GitHub App authentication is recommended over PAT — it's scoped, auditable, and doesn't expire.

In your GitHub organization: Settings → Developer settings → GitHub Apps → New GitHub App

Set:

Homepage URL: any valid URL (your org's GitHub URL)
Webhook: uncheck "Active" — ARC doesn't use webhooks
Permissions (for organization-level runners):
- Organization permissions: Self-hosted runners → Read & Write
Permissions (for repository-level runners instead):
- Repository permissions: Administration → Read & Write
Where can this GitHub App be installed: Only on this account

After creating the app:

Note the App ID (visible on the app settings page)
Generate a private key (scroll to bottom → Generate a private key)
Install the app on your organization (App settings → Install App → your org)
Note the Installation ID from the URL after installation: https://github.com/organizations/your-org/settings/installations/789012

Create the Kubernetes secret:

bash

1kubectl create namespace arc-systems
2kubectl create namespace arc-runners
3
4kubectl create secret generic arc-github-secret \
5  --namespace arc-runners \
6  --from-literal=github_app_id="123456" \
7  --from-literal=github_app_installation_id="789012" \
8  --from-file=github_app_private_key=./private-key.pem

Step 2: Install the Controller

ARC v2 distributes via OCI Helm charts on GHCR:

Check the latest chart version first:

bash

helm show chart \
  oci://ghcr.io/actions/actions-runner-controller-charts/gha-runner-scale-set-controller \
  | grep ^version

Then install:

bash

helm install arc \
  oci://ghcr.io/actions/actions-runner-controller-charts/gha-runner-scale-set-controller \
  --namespace arc-systems \
  --create-namespace \
  --set replicaCount=2

replicaCount: 2 gives you a leader-elected HA controller. For a single-node dev cluster, 1 is fine.

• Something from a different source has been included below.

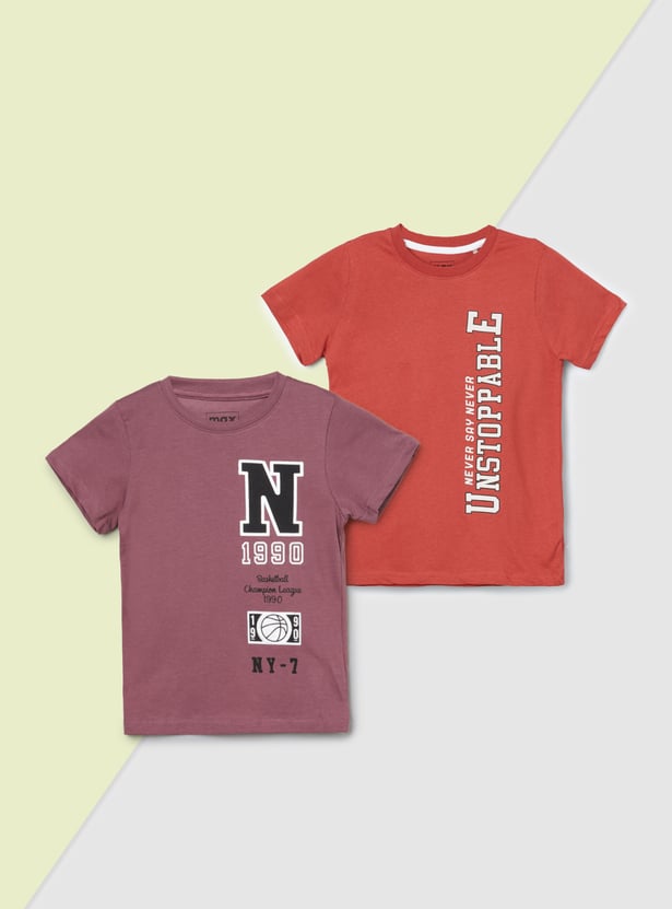 Brighten up your kids’ wardrobe with this pack of 2 printed T-shirts, designed with a classic crew neck and half sleeves for all-day comfort. Featuring playful prints, these versatile tees are ideal for school, playdates, and casual outings.

Step 3: Install a Runner Scale Set

yaml

1# arc-runner-set-values.yaml
2githubConfigUrl: "https://github.com/your-org"
3githubConfigSecret: arc-github-secret
4
5minRunners: 0       # scale to zero when no jobs queued
6maxRunners: 20      # cap on concurrent runner pods
7
8runnerScaleSetName: "arc-runner-set"   # used in workflows: runs-on: arc-runner-set
9
10containerMode:
11  type: "kubernetes"   # no Docker daemon required — see below
12  kubernetesModeWorkVolumeClaim:
13    accessModes: ["ReadWriteOnce"]
14    storageClassName: "gp3"
15    resources:
16      requests:
17        storage: 5Gi
18
19template:
20  spec:
21    securityContext:
22      fsGroup: 1001
23    containers:
24      - name: runner
25        image: ghcr.io/actions/actions-runner:latest
26        resources:
27          requests:
28            cpu: 500m
29            memory: 1Gi
30          limits:
31            cpu: 4
32            memory: 8Gi

bash

helm install arc-runner-set \
  oci://ghcr.io/actions/actions-runner-controller-charts/gha-runner-scale-set \
  --namespace arc-runners \
  --create-namespace \
  --values arc-runner-set-values.yaml

githubConfigUrl scopes the runners:

https://github.com/your-org — organization-level (any repo in the org can use them)
https://github.com/your-org/your-repo — repository-level
https://github.com/enterprises/your-enterprise — enterprise-level

Container Mode: Kubernetes vs Docker-in-Docker

This is the most consequential configuration choice.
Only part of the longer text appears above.